I know this isn't the most serious of questions, but I like to use latinate vocabulary for my students.

Of late I have been threatening to defenestrate rogues who don't submit their work. 

Today one of them said "Will you take me our of the dog house to do that?" because I recently told her that she was in the dog house for not working! 

So, albeit in a totally cod way, can someone offer me the literal phrase for "in the dog house"? 

Many thanks.


----------



## Cagey

A quick one: You could say someone is "apud canes"(_A pud  Can es_). This is like "chez dogs": "You are at the dogs' place."

"_tu apud canes es_" for one rogue:"_vos apud canes estis_" when the whole class acts up, as I hope they don't.  The pronouns _tu _and _vos_ are emphatic.  Normally they would be omitted.


----------



## suzi br

Thanks.
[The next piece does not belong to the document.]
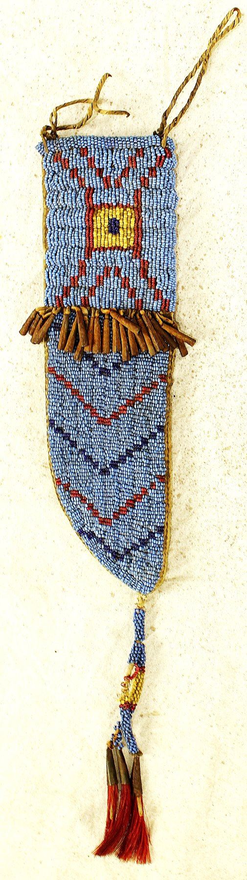 Extremely visual large 19th Century lazy stitched, sinew sewn sheath, beaded with medium blue background, red white heart and cobalt blue design distributed throughout, featuring a greasy yellow meat pack, adorned with the original tinkle cones and beautifully beaded and horsehair drops. Heavy parfleche liner, measuring approx. Do disappointments here!!!

It's all in a spirit of fun, they are a lovely class with a sense of interest in new words, so I appreciate this and think that they will too!


----------



## Fred_C

Hi,
The modern use of the Latin language to express casual situations of the modern life should be made so that everyone is able to understand what is meant, provided they know latin.
I do not understand what "in the dog house" means, I suspect it is an English idiom, and it would be a pity to render it literally in Latin, because I understand Latin, and I would not understand what you mean...


----------



## Cagey

It is indeed an idiom:
*in the doghouse* _Slang_  In great disfavor or trouble. (TheFreeDictionary)​ As suzi says, this is in the spirit of fun, and I'm all for anything that connects Latin and fun.  Her students will know what it means, and perhaps some will even notice the connection between _canes_ and _canine_.


----------



## suzi br

Yes, they will see the connection. 

@ Fred these are English speaking students so the idiom is well-known to them.
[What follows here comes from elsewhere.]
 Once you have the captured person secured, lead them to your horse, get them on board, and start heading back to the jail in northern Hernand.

(Defenstration wasn't though!)


----------



## brian

Yes, it depends completely on who your audience is. I agree with Fred that, if you were translating something that the public would read, e.g. if you wished to publish a translation, you would have to figure out the real sense of the idiom, then find a suitable idiom in Latin.
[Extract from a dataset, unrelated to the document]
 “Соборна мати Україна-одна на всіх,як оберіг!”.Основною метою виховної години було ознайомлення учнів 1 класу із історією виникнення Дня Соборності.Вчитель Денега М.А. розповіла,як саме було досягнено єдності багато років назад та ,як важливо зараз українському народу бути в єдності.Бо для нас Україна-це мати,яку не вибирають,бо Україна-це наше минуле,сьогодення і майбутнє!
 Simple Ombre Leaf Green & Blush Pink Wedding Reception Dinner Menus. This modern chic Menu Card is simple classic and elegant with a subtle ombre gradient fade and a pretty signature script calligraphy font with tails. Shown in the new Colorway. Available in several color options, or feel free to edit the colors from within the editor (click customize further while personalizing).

In your case, however, if you simply want the words to be in Latin and have your students recognize the meaning (albeit as in English idiom), you could go so far as to say: *in casā canis* ("in the house of the dog").

There's a decent chance they could figure that sentence out without knowing any Latin.


----------



## suzi br

I like* in casá canis* for its alliterative quality, which means I'll probably remember it! 

I was thinking along those lines but it is over 30 years since I did any Latin grammar, and I would not know which case endings to use anymore! Thank-you!


----------



## brian

_In_ takes the ablative when it describes location, so _casā_, and _canis_ is simply the genitive of _canis_ (nominative and genitive are identical).


----------



## suzi br

Thank-you!


----------